Task to carry out
Each line below must be reproduced exactly, though the pictures are to be dropped.

Data section
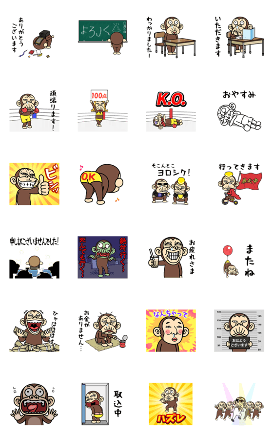 お猿さんの動くスタンプ13弾! 様々なキャラに扮したお猿さんがイラッと会話を盛り上げます。
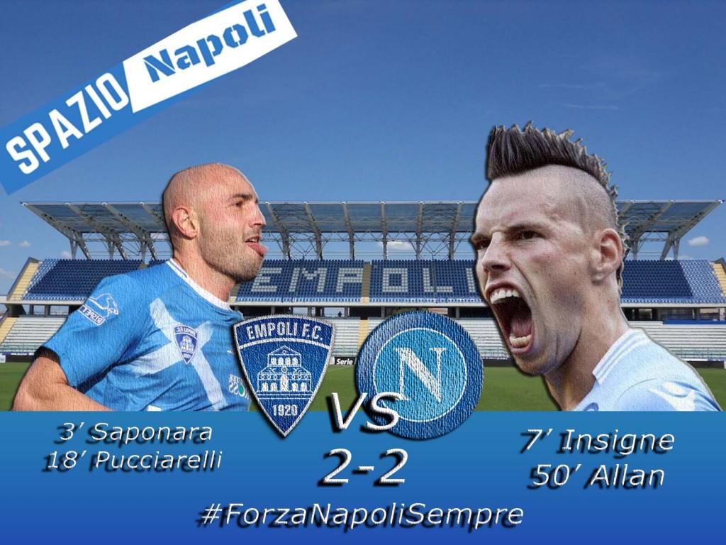 Tre anni per diventare come l’Empoli. La squadra toscana sembra ancora allenata da Sarri. Corsa, passaggi veloci e verticalizzazioni. Il Napoli che rientra in campo sembra almeno più volenteroso ed alla prima occasione utile pareggia i conti con Allan su imbeccata di Higuain. Il resto sembra un “vorrei ma non posso”, Valdifiori esce con i crampi e tra gli applausi, il voglioso Jorginho sente il profumo del posto da titolare.
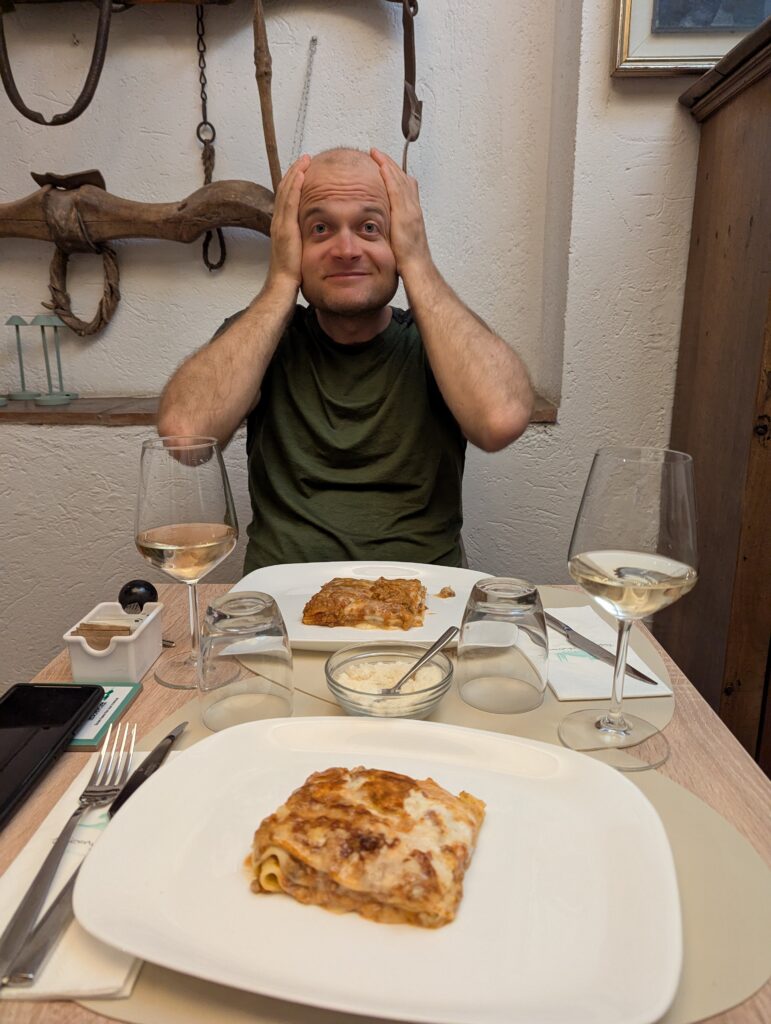 Nakoniec ho ukecáme, že sme na bajkoch, že určite naspäť do San Gimignano nepôjdeme, že si radšej sadneme a počkáme, jak to tí dvaja tragédi v kuchyni zvládnu. Nevýhoda otvorených kuchýň je, že hostia vidia, ako málo kuchári robia a ako im to nejde. Gabriel súhlasí. Po polhodine príde, že teda ak chceme NIEČO, mohlo by to byť lasagne alebo cestoviny s pestom, že to bude rýchle a to kuchári zvládnu. Berieme lasagne.
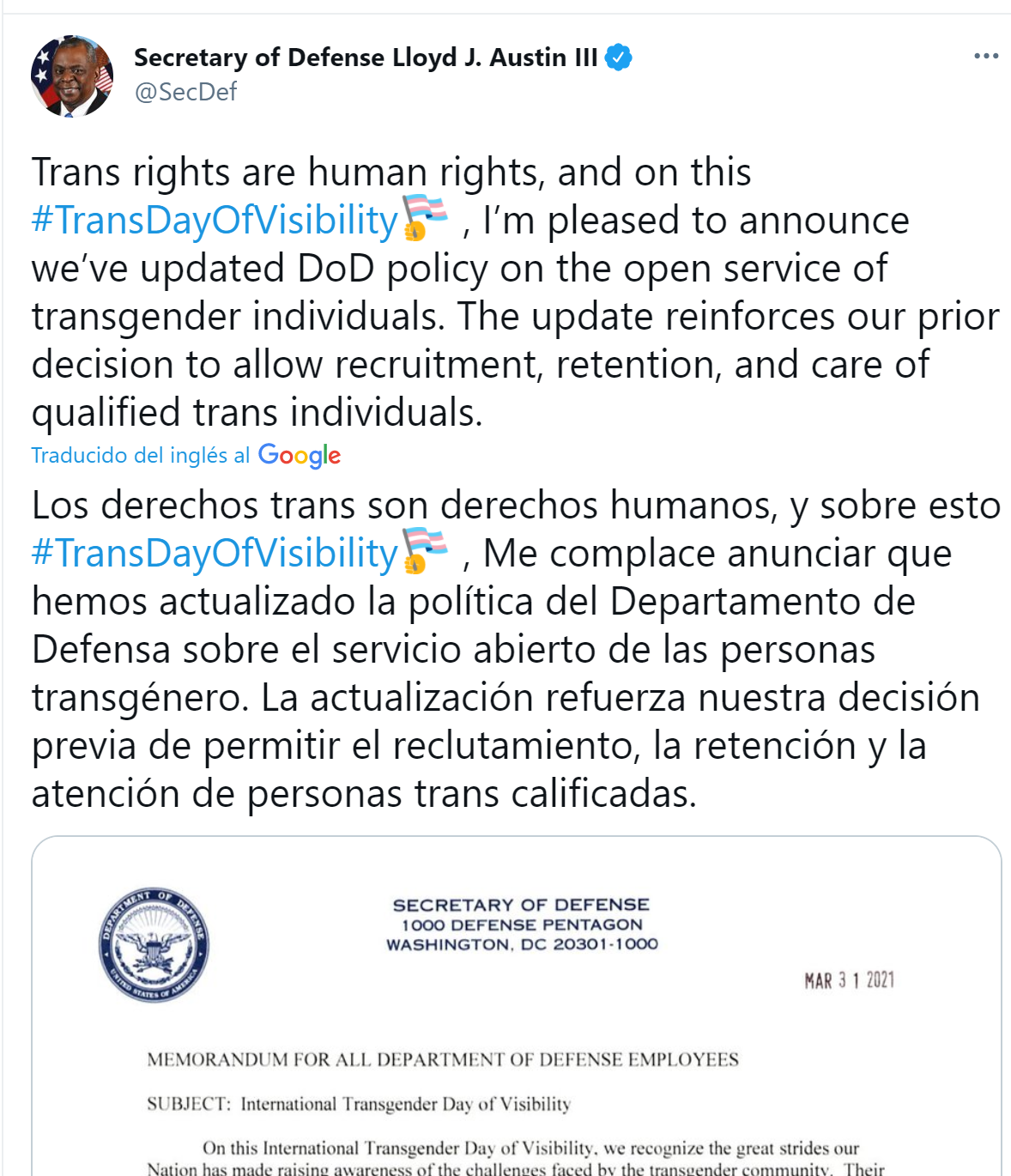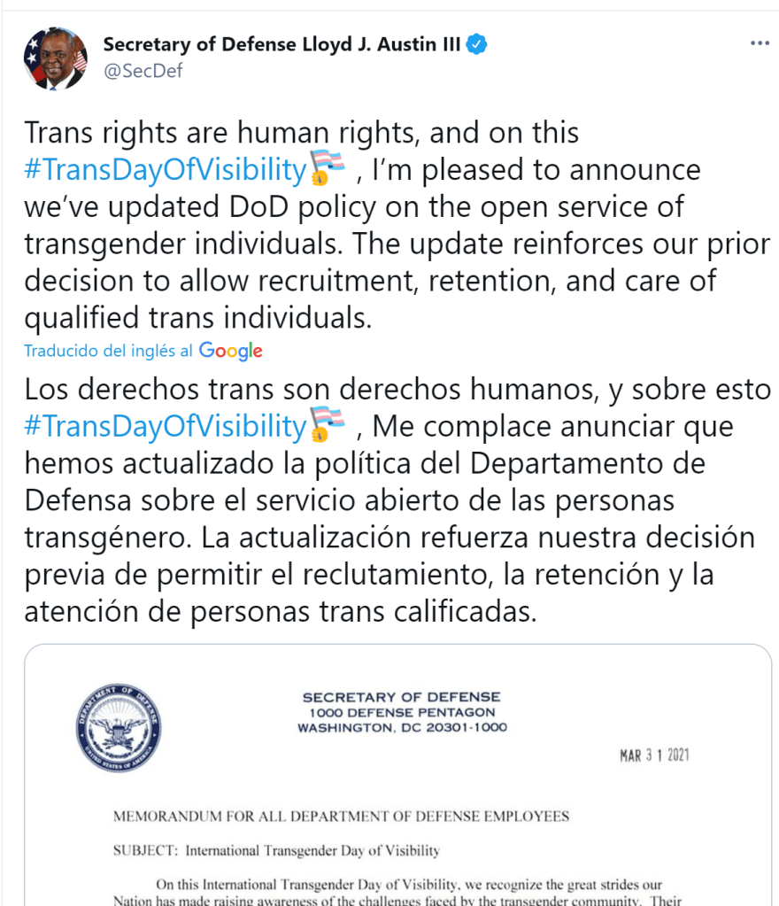 «Los derechos trans son derechos humanos, y sobre esto #TransDayOfVisibility , Me complace anunciar que hemos actualizado la política del Departamento de Defensa sobre el servicio abierto de las personas transgénero. La actualización refuerza nuestra decisión previa de permitir el reclutamiento, la retención y la atención de personas trans calificadas», expresó el Secretario de Defensa.

Result of the exercise
 お猿さんの動くスタンプ13弾! 様々なキャラに扮したお猿さんがイラッと会話を盛り上げます。
 Tre anni per diventare come l’Empoli. La squadra toscana sembra ancora allenata da Sarri. Corsa, passaggi veloci e verticalizzazioni. Il Napoli che rientra in campo sembra almeno più volenteroso ed alla prima occasione utile pareggia i conti con Allan su imbeccata di Higuain. Il resto sembra un “vorrei ma non posso”, Valdifiori esce con i crampi e tra gli applausi, il voglioso Jorginho sente il profumo del posto da titolare.
 Nakoniec ho ukecáme, že sme na bajkoch, že určite naspäť do San Gimignano nepôjdeme, že si radšej sadneme a počkáme, jak to tí dvaja tragédi v kuchyni zvládnu. Nevýhoda otvorených kuchýň je, že hostia vidia, ako málo kuchári robia a ako im to nejde. Gabriel súhlasí. Po polhodine príde, že teda ak chceme NIEČO, mohlo by to byť lasagne alebo cestoviny s pestom, že to bude rýchle a to kuchári zvládnu. Berieme lasagne.
 «Los derechos trans son derechos humanos, y sobre esto #TransDayOfVisibility , Me complace anunciar que hemos actualizado la política del Departamento de Defensa sobre el servicio abierto de las personas transgénero. La actualización refuerza nuestra decisión previa de permitir el reclutamiento, la retención y la atención de personas trans calificadas», expresó el Secretario de Defensa.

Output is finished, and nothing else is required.